Starting with the line that has "A simple and" and finishing with the line that has "Real Madrid-CAI Zaragoza, FC", set down each line below exactly. Pictures are not copied.

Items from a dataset
----------

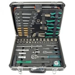 Professionele gereedschapkoffer, gevuld met 160-delige set Green Line kwaliteitsgereedschap.
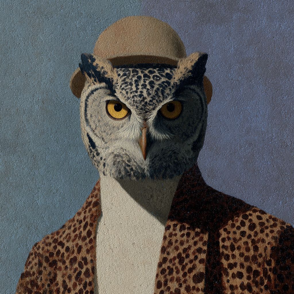 primitive owl in the style of René Magritte --exp 50 --profile de3r2pp --v 7.0
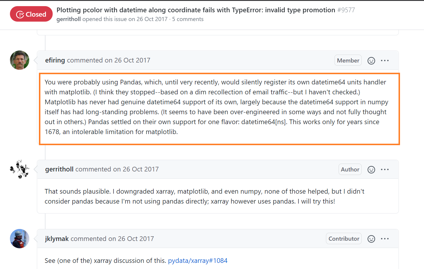 Plotting pcolor with datetime along coordinate fails with TypeError: invalid type promotion · Issue #9577 · matplotlib/matplot
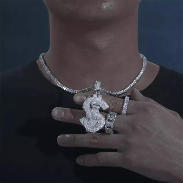Make a bold statement with this unique Moissanite Dollar Sign Necklace Pendant. Crafted in premium 925 sterling silver, this iced-out pendant is perfect for those who love to shine. Whether you’re heading to a party, a night out, or just want to add a touch of luxury to your outfit, this hip hop-style necklace is the ideal accessory. Featuring a dazzling Moissanite stone, it delivers a perfect combination of elegance and style. Unisex in design, it’s made for anyone who wants to show off their personality with a bit of sparkle.
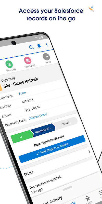 Salesforce, wherever you are. Manage your day, update records, view dashboards.
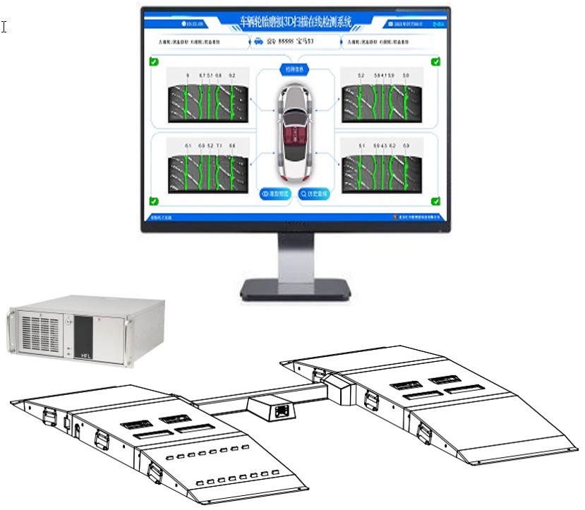本系統(tǒng)是由北京匯豐隆智能科技有限公司開發(fā)并擁有自主知識產(chǎn)權的一款全自動化乘用車輪胎磨損3D掃描在線檢測系統(tǒng)。車主/司機僅需駕駛車輛從檢測系統(tǒng)駛過,檢測系統(tǒng)即可快速、準確的檢測出車輛輪胎的磨損狀態(tài)并可在顯示屏或及智能電視上顯示出本次檢測結果。檢測報告具有精度高、速度快、顯示界面信息齊全等特色。同時,檢測報告記錄了被檢測車輛的車牌及車型信息,便于日后方便準確查詢及對比。
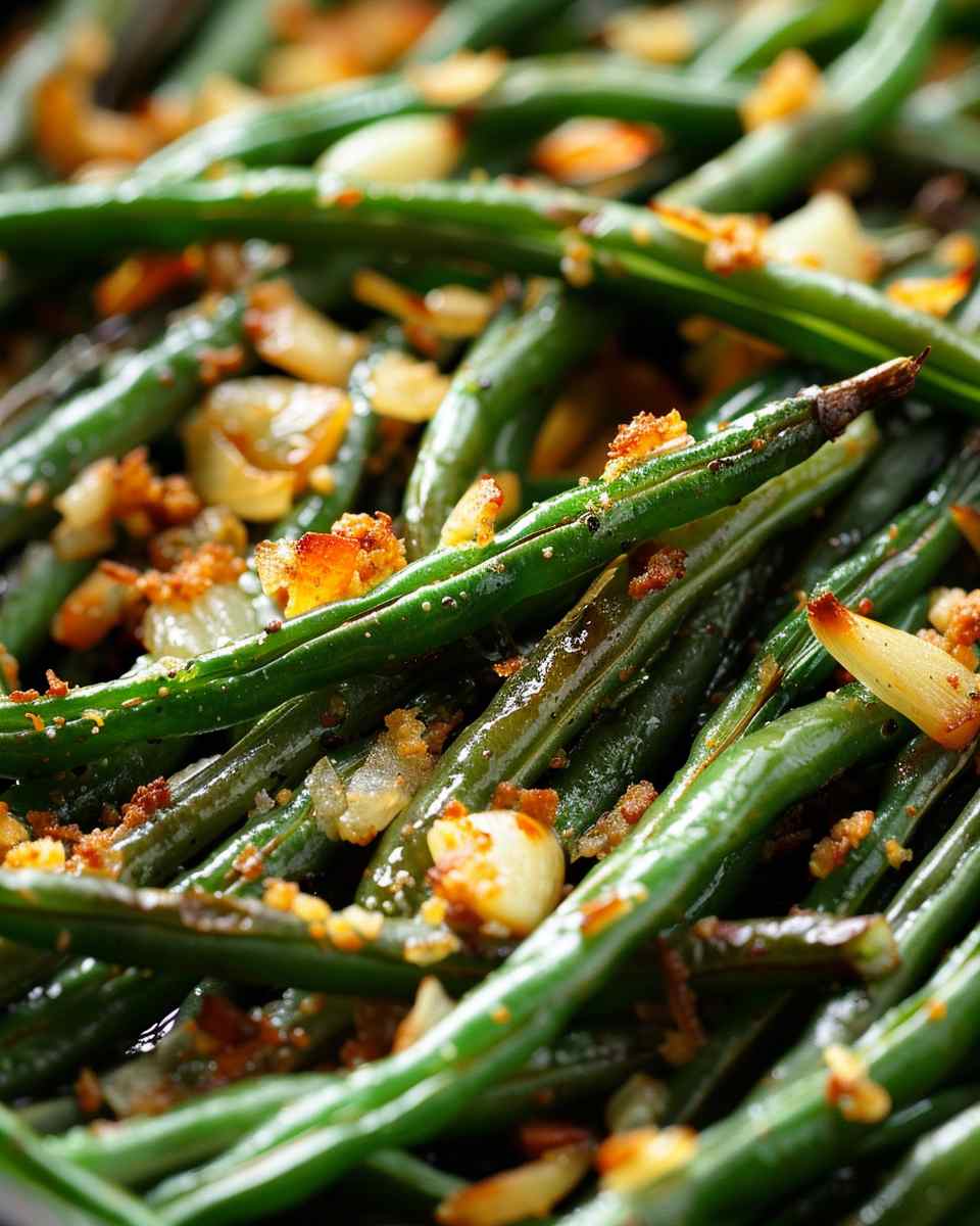 A simple and flavorful side dish featuring tender roasted green beans with crispy edges, enhanced by savory garlic and a hint of freshness.
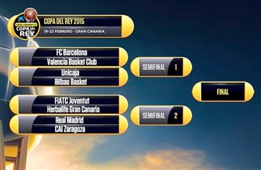 Real Madrid-CAI Zaragoza, FC Barcelona-Valencia Basket, Unicaja-Bilbao Basket y FIATC Joventut-Herbalife Gran Canaria son los emparejamientos de la Copa del Rey de baloncesto, que se disputará en Las Palmas de Gran Canaria entre el 19 y 22 de febrero.
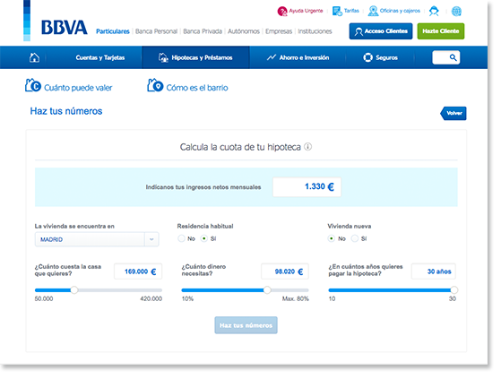 BBVA VALORA nos propone el abanico de productos hipotecarios que mejor se adaptan a nuestra compra, pero también nos ayuda haciendo proyecciones sobre nuestra economía doméstica. Así, podemos comprobar cómo afectaría el pago de las cuotas a nuestra economía en hipotéticos escenarios, como un aumento del Euribor o una bajada de ingresos.
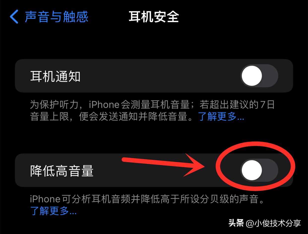 在【耳机安全】中把【降低高音量】开关关掉,关掉之后才不会把声音降低!

----------

**Task answer**
 A simple and flavorful side dish featuring tender roasted green beans with crispy edges, enhanced by savory garlic and a hint of freshness.
 Real Madrid-CAI Zaragoza, FC Barcelona-Valencia Basket, Unicaja-Bilbao Basket y FIATC Joventut-Herbalife Gran Canaria son los emparejamientos de la Copa del Rey de baloncesto, que se disputará en Las Palmas de Gran Canaria entre el 19 y 22 de febrero.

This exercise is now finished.